● **DATASET CONTENT**
Start of Block

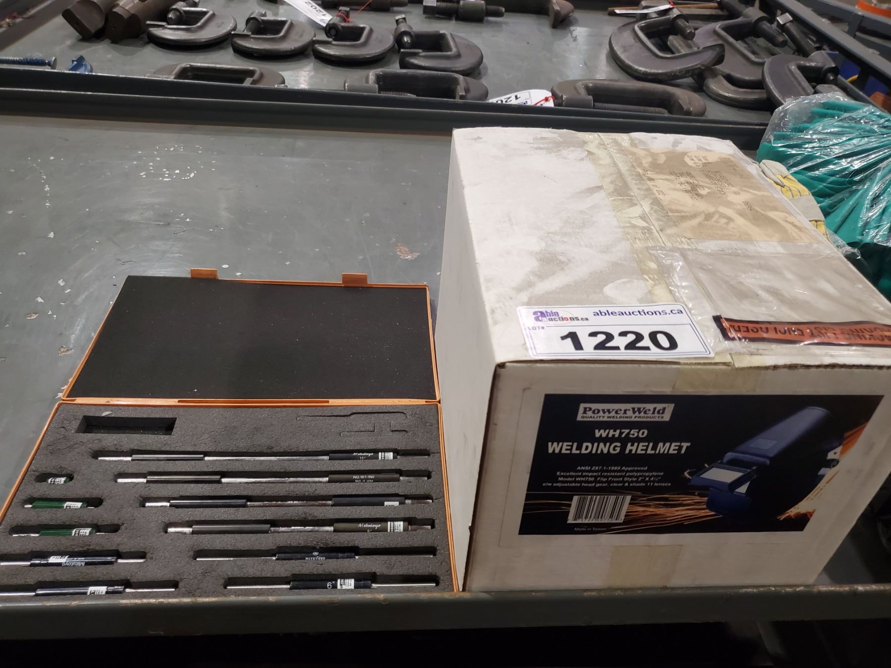 POWER WELD WH750 WELDING HELMET, AND MITUTOYO INSIDE MIC SET 2-40"
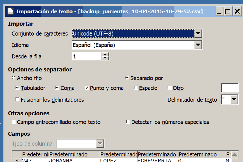 Para importar los datos con los códigos de codificación correctos lo mejor es descargar LibreOffice (también se puedehacer con Excell) que es gratuito y elegir el siguiente código de codificación:
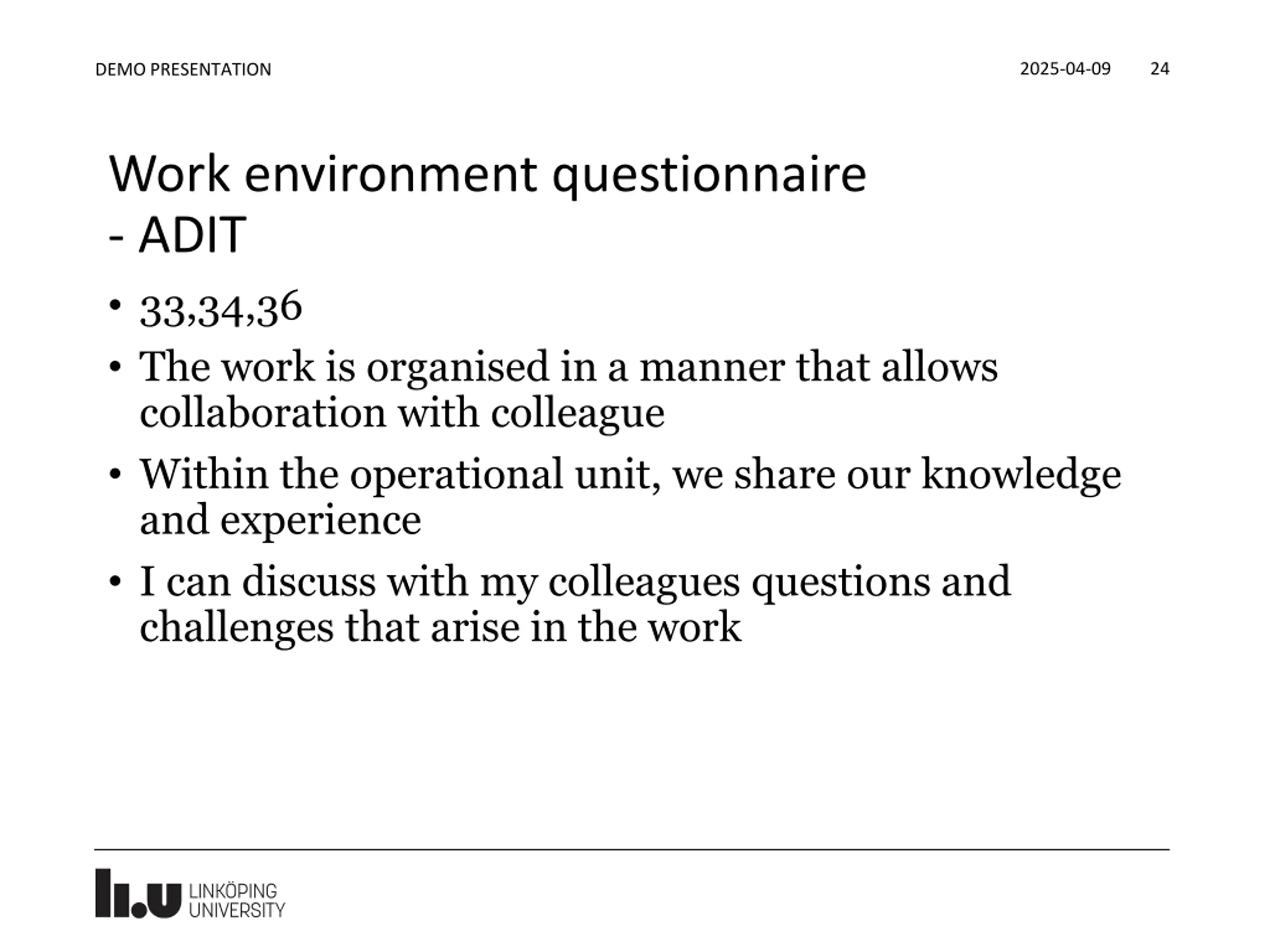 2025-04-09 24 DEMO PRESENTATION Work environment questionnaire - ADIT 33,34,36 The work is organised in a manner that allows collaboration with colleague Within the operational unit, we share our knowledge and experience I can discuss with my colleagues questions and challenges that arise in the work

End of Block

● **EXERCISE DETAILS**
What you give back should be the full material above, retyped exactly, with every image removed.

● **TASK ANSWER**
 POWER WELD WH750 WELDING HELMET, AND MITUTOYO INSIDE MIC SET 2-40"
 Para importar los datos con los códigos de codificación correctos lo mejor es descargar LibreOffice (también se puedehacer con Excell) que es gratuito y elegir el siguiente código de codificación:
 2025-04-09 24 DEMO PRESENTATION Work environment questionnaire - ADIT 33,34,36 The work is organised in a manner that allows collaboration with colleague Within the operational unit, we share our knowledge and experience I can discuss with my colleagues questions and challenges that arise in the work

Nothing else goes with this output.